Fletch had been fearful that things would fall apart just as quickly as they had come together. He stayed in good faith, trusting that Jac wanted this to work as much as he did. The fact that she actually trying gave him faith that she wanted him and that she wanted this, and every time she let him in a little more, he knew it was a step forward.
It was remarkable how quickly things settled down again. Thursday became date night again and Jac and Emma went over for dinner every Monday. They saw each other regularly throughout the week but always made sure that there was at least one day where they didn't see each other...to keep things from getting overwhelming.
On Friday afternoons, Jac went to therapy after she finished work.
"So Jac, how are things going this week?" Sarah asked with a smile, pen ready to note down anything important.
"Pretty normal; I've been working a lot, I've seen Fletch a little, things are starting to get back to the old routine," she replied concisely. Even if she was here, and even if she wanted it, Jac wasn't very good at therapy yet.
"How do you feel about that? The old routine resulted in you breaking up with Fletch and burying yourself in work, don't you think that it could just do the same thing again?"
Jac glared at her disdainfully, wasn't the point of therapists to make you less scared of doing the wrong thing? She was getting extremely annoyed with this woman who seemed to be doing everything wrong by her books, but she stuck around because she had promised herself she would try this time.
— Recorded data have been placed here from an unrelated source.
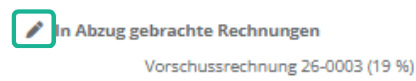 Sie können den standardgemäß hinterlegten Text zur Verrechnung der Vorschussrechnung ganz einfach selbst definieren, wenn Sie auf den Stift vor dem Text klicken: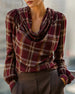 SPECIFICATIONS Top Type: Tops Style: Casual Material: Cotton Blends Occasion: Daily Neckline: Draped Collar Pattern Type: Plaid Sleeve Type: Regular sleeve Sleeve Length: Long Sleeve Fit Type: Regular Season: Fall,Winter Package Includes: 1 x Top SIZE TABLE Size Bust Length CM INCH CM INCH S 97 38.19 65 25.59 M 101 39.76 66.5 ...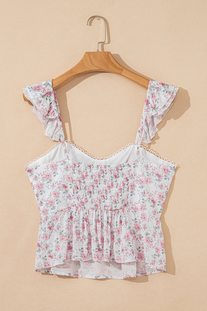 Pink Floral Flutter Peplum Tank Top
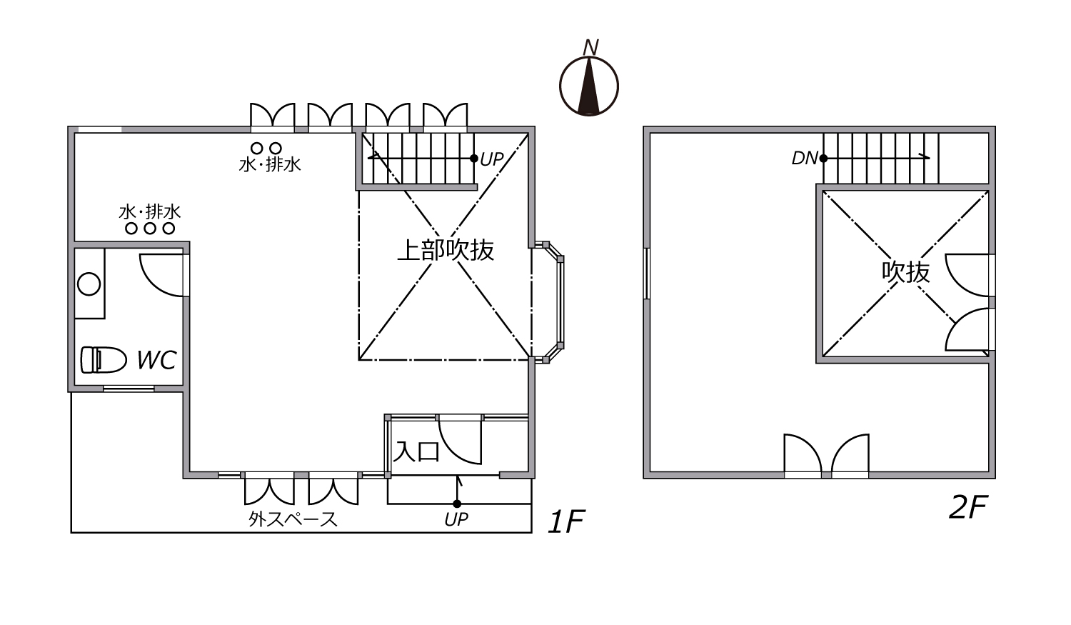 1階:27.74㎡(約8.39坪) 2階:22.35㎡(約6.76坪) 外部スペース:9.07㎡(約2.75坪) |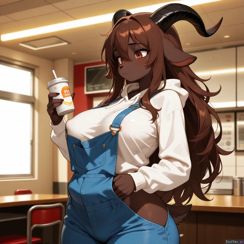 Amazing quality, High Rating, high definition, HD, defined outlines, anime art style, beautiful_eyes, sharp shadows, vibrant lighting, single, solo, one(1) character, furry, anthro, anthro goat, caprine species, white hoodie, opaque clothes, cloth wrinkles, breasts, bottomless, long hair, dark brown fur, shy, wide hips, holding_belly, diner background, nipple outline, (overall, its a masterpiece of furry art, with amazing defined outlines)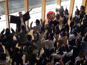続いて行われた応援団入会式。どん,どん,という太鼓の音に合わせて少しずつ入場してくる応援団,先輩方の目が覚めるような大きな声の校歌と図南歌を前に,本校の伝統の重さを改めて新入生は感じたのではないでしょうか。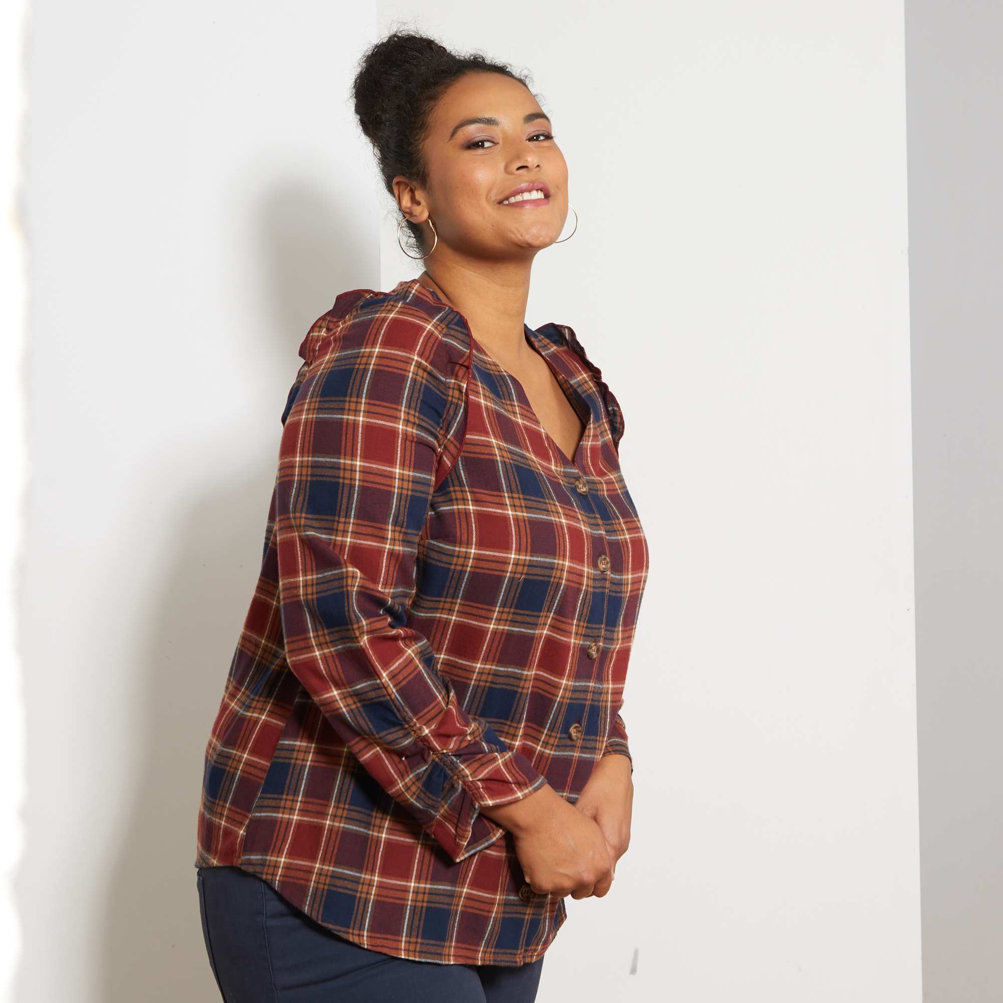 Ruitjes in een moderne versie voor deze retro blouse! Breek met alle stijlcodes en combineer 'm met een klassieke jeans in destroyed look!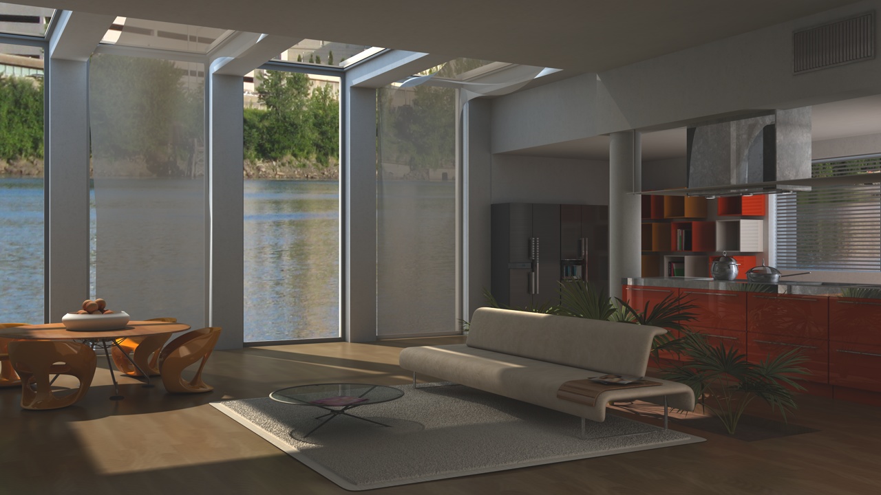 la foto fuori invece forse è meglio cambiarla del tutto, e' forse meglio usare o una panoramica applicata ad un piano arrotondato o 2 foto una per una finestra ed una per l'altra...questa cmq ha il sole in un altra direzione rispetto a quella dell'interno.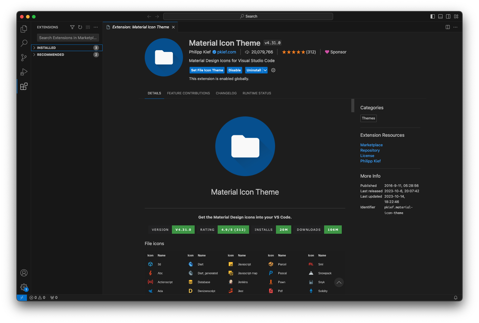 Material Icon Theme 익스텐션은 프로그래밍 언어에 맞게 아이콘을 바꿔준다
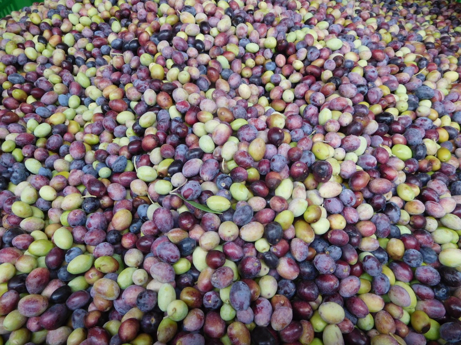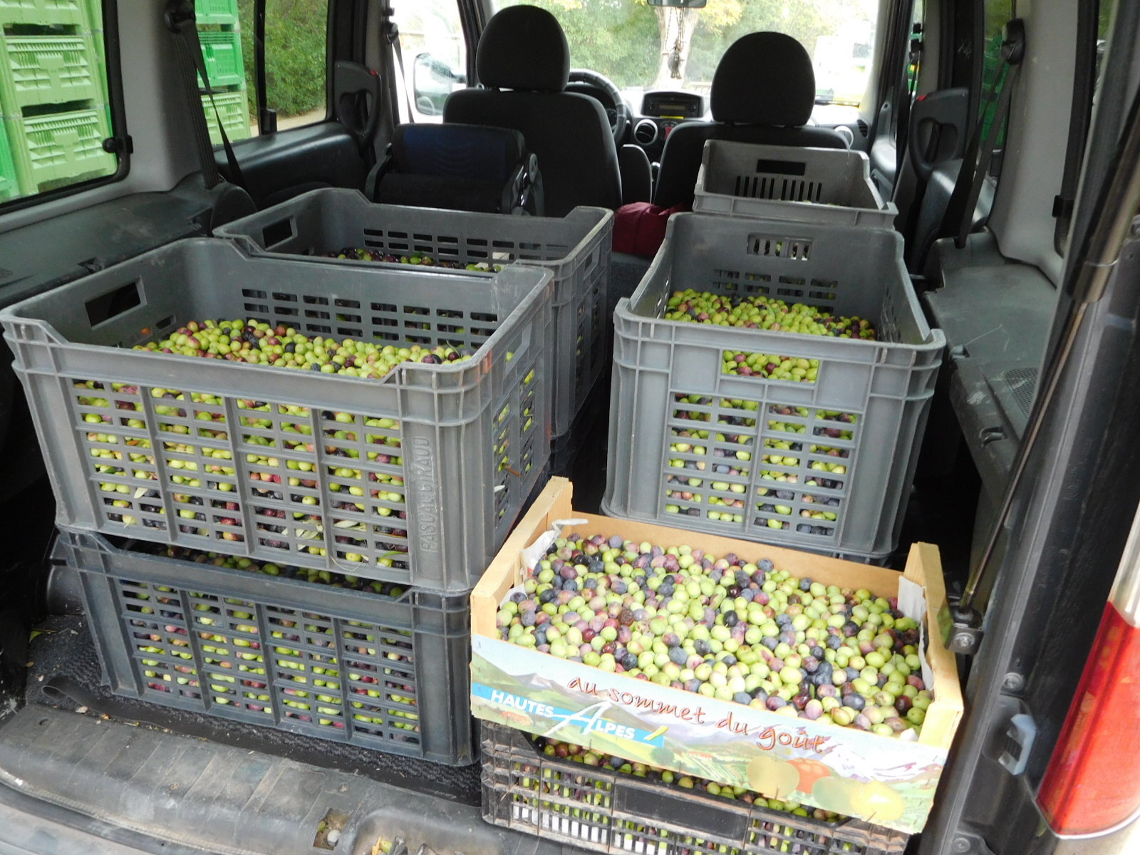 Two ladies were waiting for the press to open again after lunch, and had the back of their car filled with olives. They told us that they comb them out of the trees. It took them three days to collect these olives.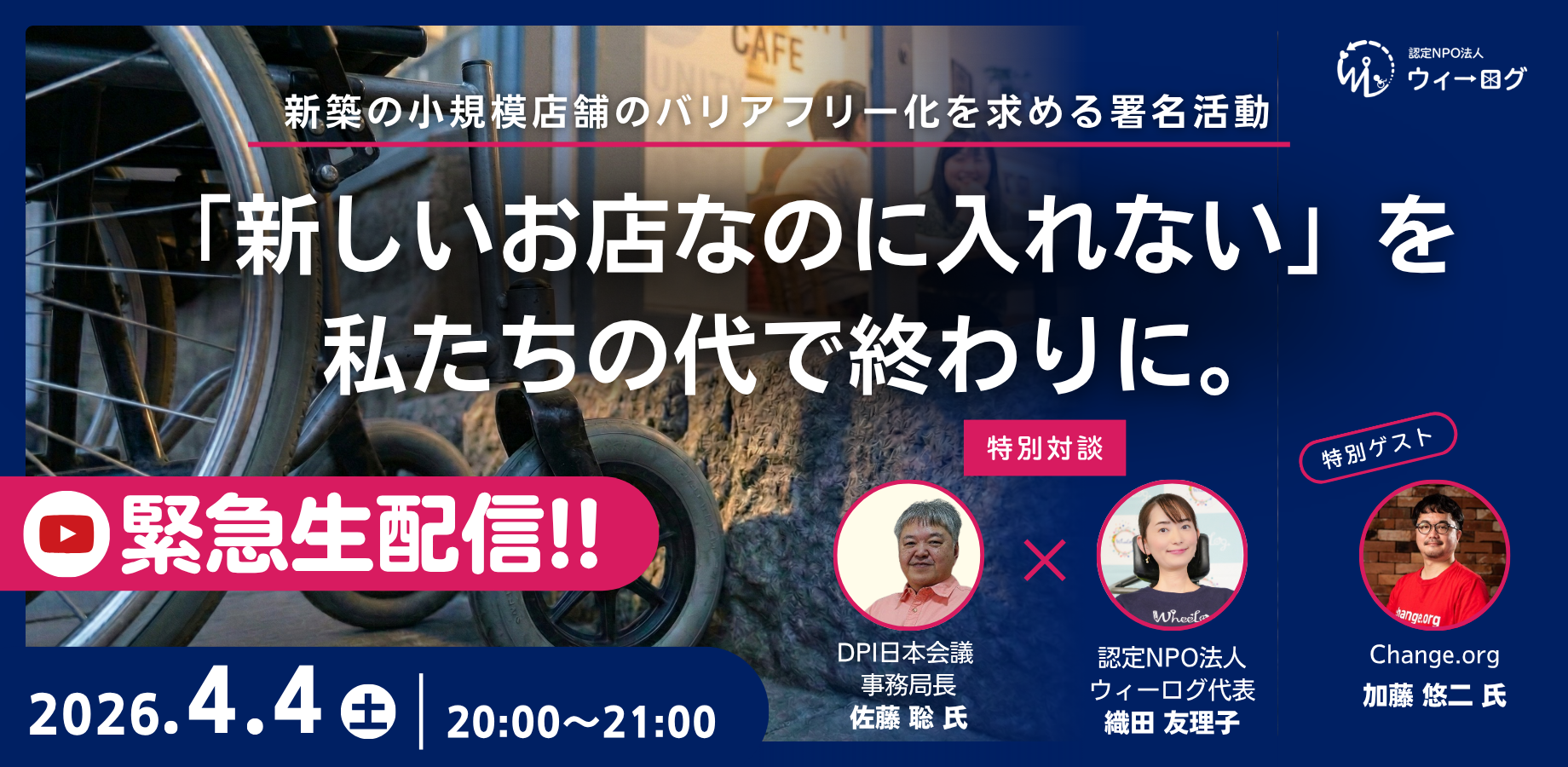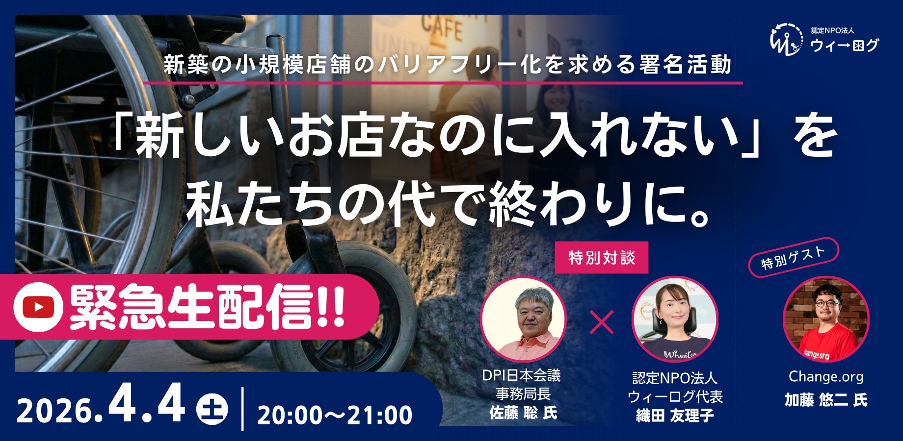 車いすでもあきらめない世界をつくる認定特定非営利活動法人ウィーログ(代表理事:織田友理子)は、2026年3月5日より新しく建てるすべての店舗において「段差ゼロ」を標準化することを求める署名活動を開始いたしました。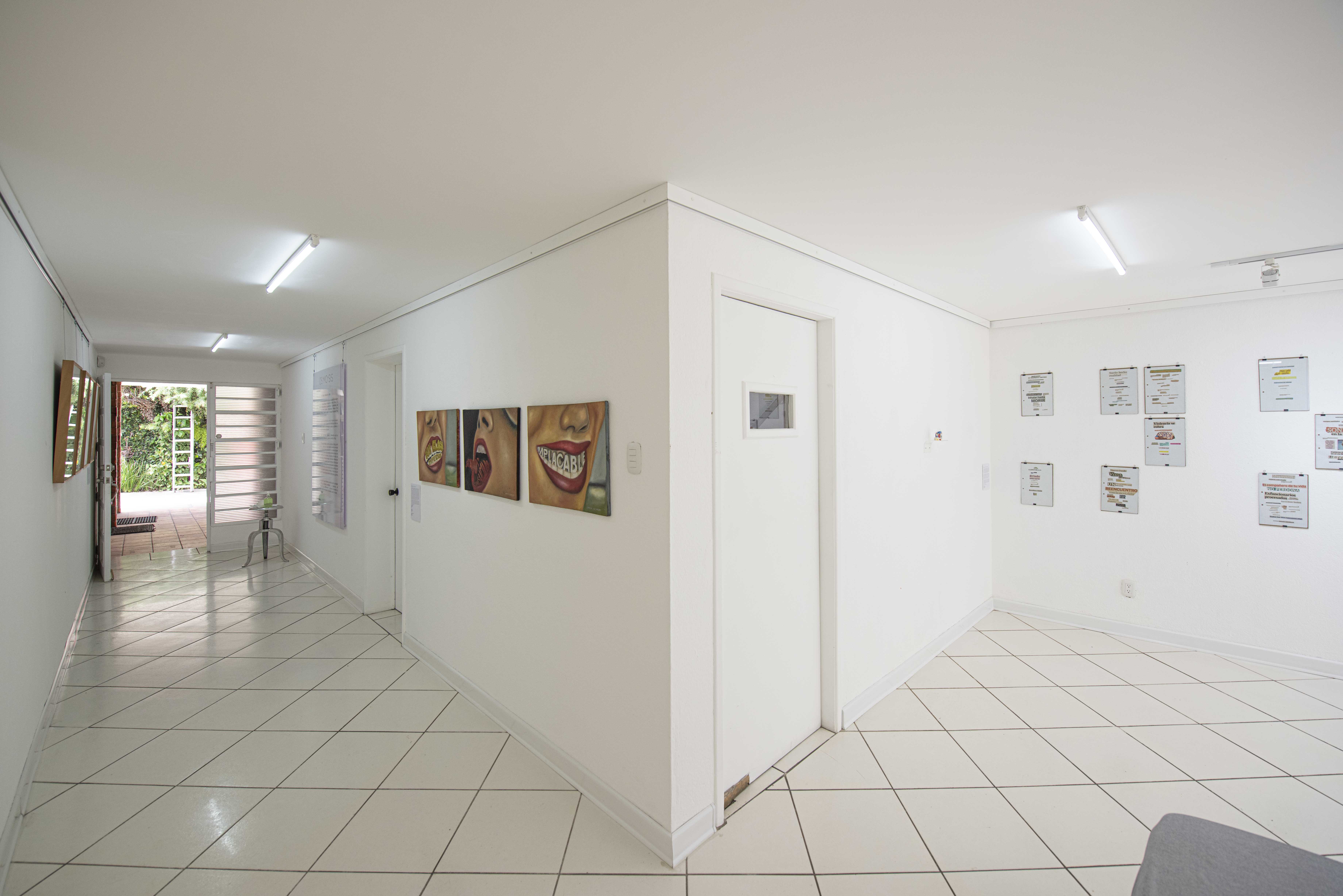 Atrás, en una de las paredes, se aprecian las bocas pintadas por el artista nacional Erick Boror de la serie IMPLACABLE. Varios cuadros al óleo muestran una risueña y coqueta facción que es complementada con palabras como “IMPLACABLE” y frases como “CON CLASE ESPECIAL” Y “PECADOS CONSUMADOS”.

"It wasn't the routine. It wasn't Fletch. It wasn't work. It was me, and that's the part of the equation that I'm trying to change here," she answered confidently, and Sarah offered a little smile at that.
They spoke for the next 55 minutes about her childhood and her past relationships and where she thought it'd all gone wrong. There was a catharsis in talking about it, in admitting her anger at her mother and the way she had treated everybody she loved from there forward.
Jac left with an assignment of sorts. Do something small each day to show somebody that she loved them, and not to tell them why. Well this was going to be difficult to keep under wraps if she was using Fletch has her subject.
On the first day, she brought him coffee and told him she was allowed to do something nice for him if she wanted.
On the second day, she bought him the shirt that she had asked the guy on the train to Edinburgh about and left it on a hanger in his office with a note saying she thought it would suit him.
On the third day, she brought him a bacon sarnie for lunch and told him she didn't know if he'd had time to get anything himself.
On the fourth day, she finished early and picked Theo up from the creche with Emma, taking them both back to hers and dropping him a text to say that she would drop him off at 6o'clock.
On the fifth day, she told him that she liked his tie, jauntily describing it as 'not hideous' and saw the way his face lit up.
On the sixth day, she refused surgery in the knowledge that it would leave her running late for dinner.
And on day seven, she took him to the Darwin store cupboard and showed him just how grateful she was to have him.
The last thing was to do was to ask him if she'd been different this week, and so she did.
"I wouldn't say so. Why, have you had your haircut and I haven't noticed? Or, is it your perfume?" he rattled on awkwardly as she laughed at how flustered he was getting. "What is it?"
"My therapist gave me an assignment to do one nice thing for you every day and see if you picked up on it,"Jac explained. "I don't know what it's supposed to mean that you didn't, maybe I'm not good enough at doing nice things."
"No, it means that you do nice things for me every day without even realising it, and that you are so much better at caring about people than you think you are. Stop thinking that you don't show me how much I mean to you because you do," Fletch said, rubbing her arm from wrist to elbow, over and over again in a soothing pattern.
She smiled at him weakly, a little embarrassed but pleased all the same. Her appointment was in five minutes, so she excused herself and headed downstairs.
It was incredible the way that therapy structured her life. Every week, she would discuss how her assignment meant and what she learned, and then they would talk about her week, and then they would talk about the roots of her problems, and then she would be set another assignment.
Weeks passed, and she started to feel like things might actually be changing. When she was feeling insecure, she would go to Fletch instead of hiding from him, and when she needed time to herself, she would tell him first instead of leaving him to worry.
She had started to believe that things weren't going to fall apart solely because of her. Her mindset was actually changing, and she had never been more frightened; pessimism and emotional absence had served as a safety blanket for her almost her entire life and she wasn't quite ready to give them up.
But she had to, and she knew that deep down. Years of pretending that she didn't care had to be put into the past if she actually wanted things to change. No more excuses, she told herself, it was time to fix this.